1On Tue, 8 May 2007, Jeroen Massar wrote:
        Title           : Deprecation of Type 0 Routing Headers in IPv6
        Author(s)       : J. Abley
        Filename        : draft-jabley-ipv6-rh0-is-evil-00.txt
        Pages           : 13
...
A URL for this Internet-Draft is:
http://www.ietf.org/internet-drafts/draft-jabley-ipv6-rh0-is-evil-00.txt

In order to kickstart some discussion, here are two comments:

3.  Implementation

   Compliant IPv6 hosts and routers MUST NOT transmit IPv6 datagrams
   containing RH0.

==> does 'transmit' include both 'originate' and 'forward' or just the former?
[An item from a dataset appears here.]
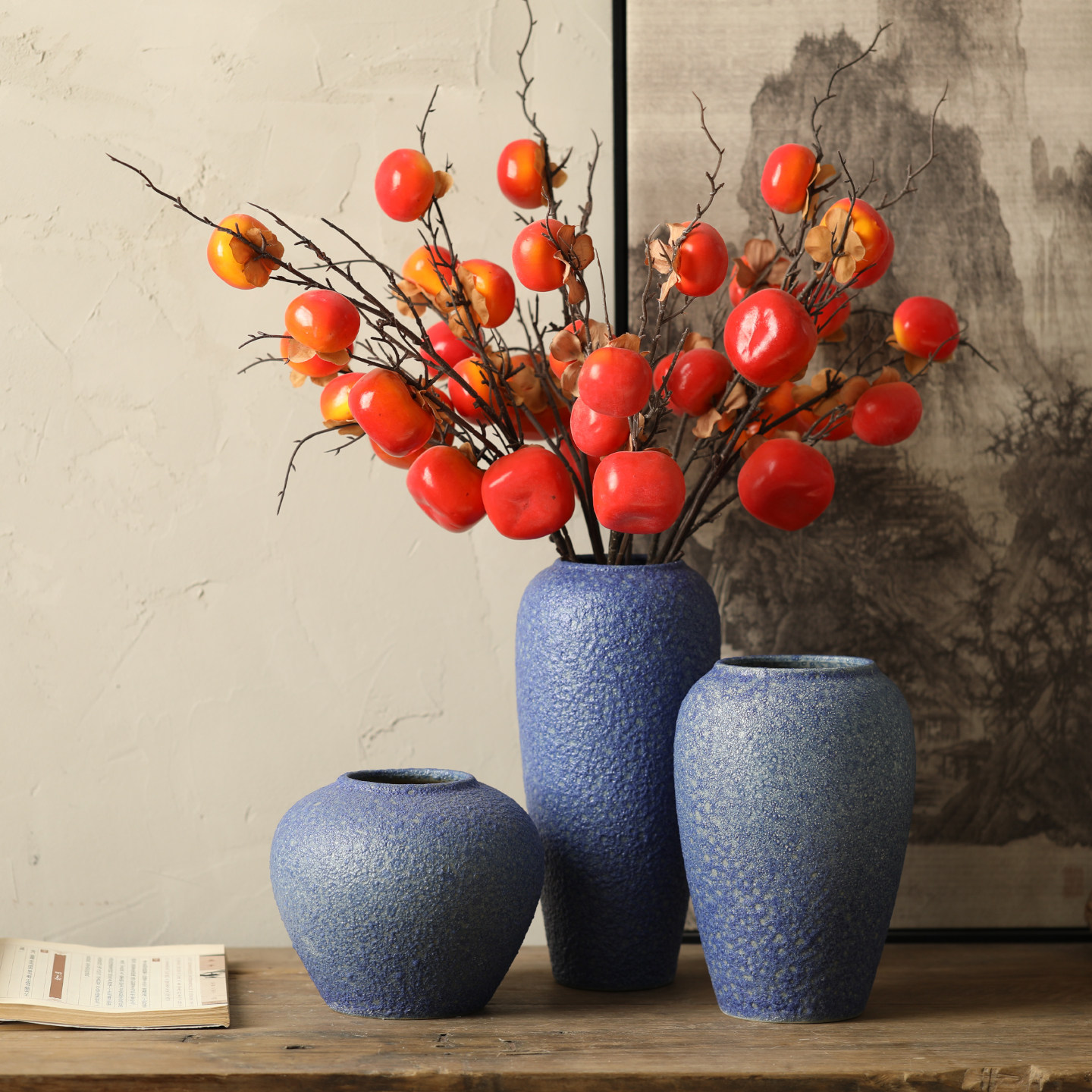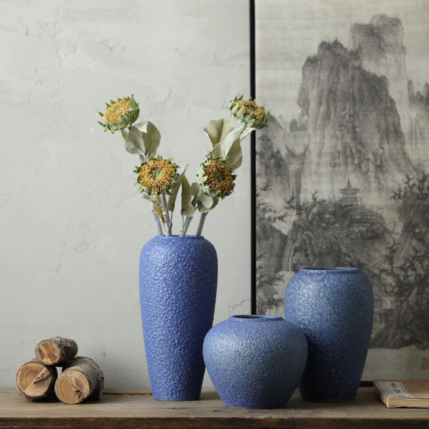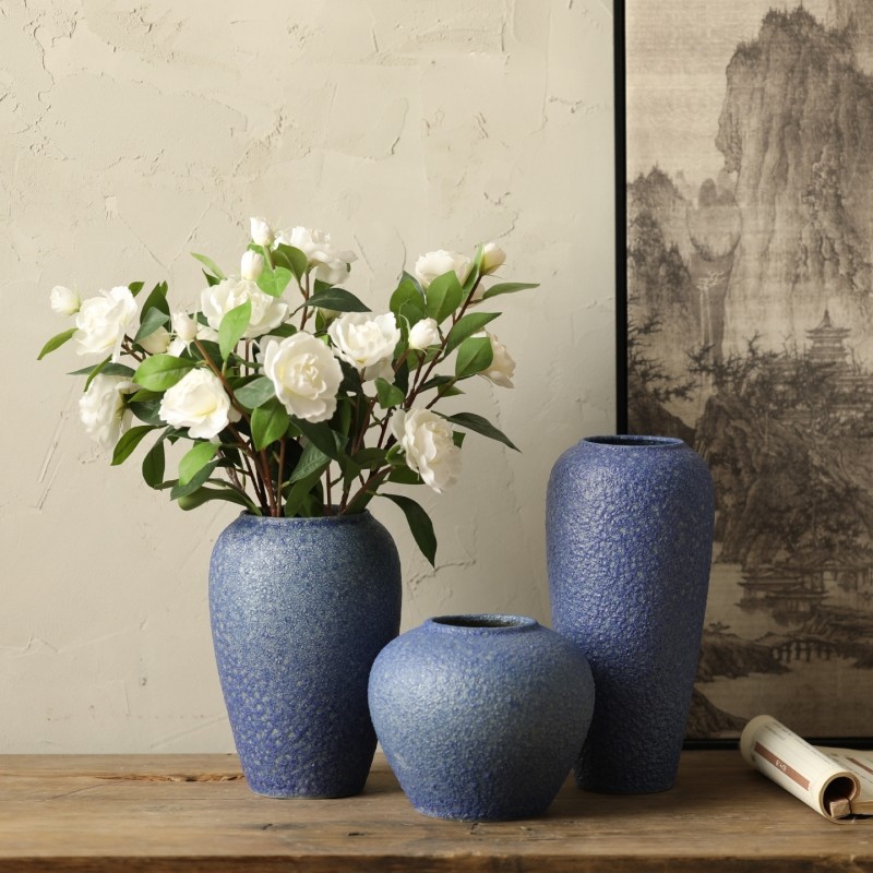景德镇新中式陶瓷花瓶复古怀旧粗陶罐高级花器客厅台面装饰品摆件

I'd be interested in seeing comments from router vendors on the feasibility of the blocking forwarding for type 0 routing headers (but not other types).

Would that include packets where the routing header wouldn't be the immediate next-header (e.g., you'd put a hop-by-hop header or something like that first, only then routing headers)? That's even more difficult as the implementation would need to skip through all of them, possibly with a 'lookup depth' of the maximum packet size.

AFAIK, usually the amount of bytes of the header available to ACLs is limited, unless you punt the whole packet to the control processor which is probably a treatment worse than the disease.

4.  Operations

   Compliant IPv6 hosts and routers which receive IPv6 datagrams
   containing RH0 MUST silently discard those datagrams without further
   processing.

==> is this really 'Operations' or is it really implementation? I.e., are you requiring the network or host operators to do something or the implementations?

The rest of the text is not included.